I have found the same one‑second invariant in a quantum analog for the Solar System:

\[ \frac{\hbar_{\odot}^2}{G M_m^3}\frac{1}{c}=\frac{3.0281\times10^8\,\text{m}}{299,792,458\,\text{m/s}}=1.010\ \text{seconds}\approx 1\ \text{second} \]

This I use as the ground state. \(M_m\) is the mass of the Moon. \(\hbar_{\odot}\) is a Solar system Planck‑type constant given by:

\[ \hbar_{\odot} = (1\ \text{second})\, KE_{\text{earth}} \]

We say \(\hbar_{\odot}\) is given by:

\[ 1.03351\ \text{s} = \frac{1}{3}\cdot\frac{h}{\alpha^2 c}\sqrt{\frac{2}{3}\cdot\frac{\pi r_p}{G m_p^3}} \]

\[ \hbar_{\odot} = (1.03351\ \text{s})(2.7396\times10^{33}\ \text{J}) = 2.8314\times10^{33}\ \text{J}\cdot\text{s} \]

\[ KE_{\text{Earth}}=\frac12 (5.972\times10^{24}\ \text{kg})(30,290\ \text{m/s})^2 = 2.7396\times10^{33}\ \text{J} \]

That is, we use the kinetic energy of the Earth. The quantum analog for Earth is given by the ground state equation above, the Earth orbit is given by:

\[ r_n = \frac{2\hbar_{\odot}^2}{G M_m^3}\cdot\frac{R_{\odot}}{R_m}\cdot\frac{1}{\sqrt{n}} \]

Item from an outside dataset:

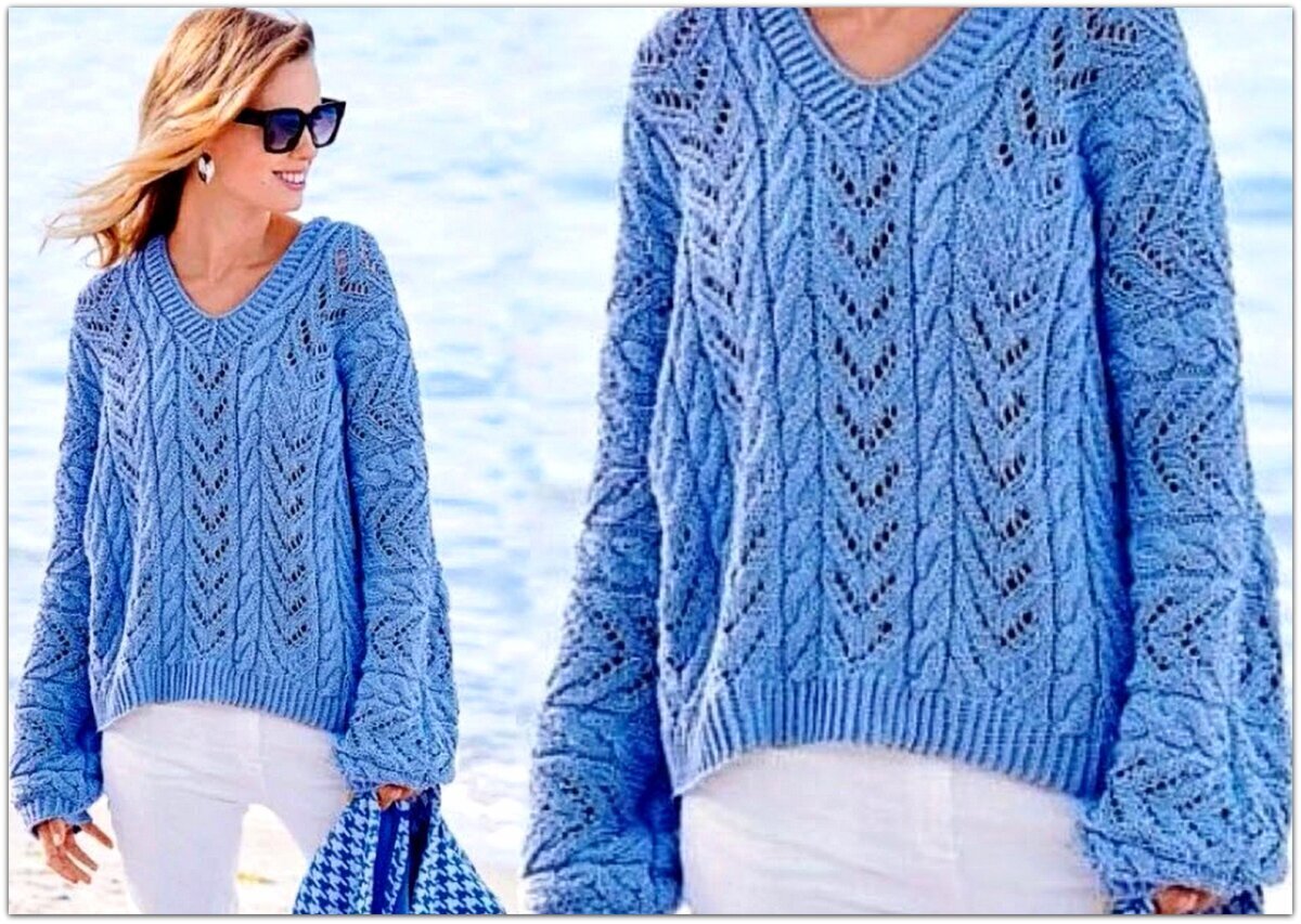 Этот чудесный пуловер примечателен не только приятным небесно-голубым цветом и ажуром с косами, но и оригинальным рукавом — такой рукав вяжется поперёк: нужное количество петель набирается сразу с передом и спинкой.

\(R_{\odot}\) is the radius of the Sun, \(R_m\) the radius of the Moon. \(n=3\) is the Earth orbit.

The Interesting Construct

Not only is the Earth rotation right to produce a 1‑second invariant when using base 60 counting, but its mass and size is right for a gravitational acceleration \(g\) at its surface that produces close to a meter, when used with such a 1‑second invariant. Further, this involves the eclipse ratio for the Earth/Moon/Sun System (400) in that:

\[ (24\ \text{hours})(60\ \text{min})(60\ \text{sec}) = 86,400\ \text{seconds/day} \]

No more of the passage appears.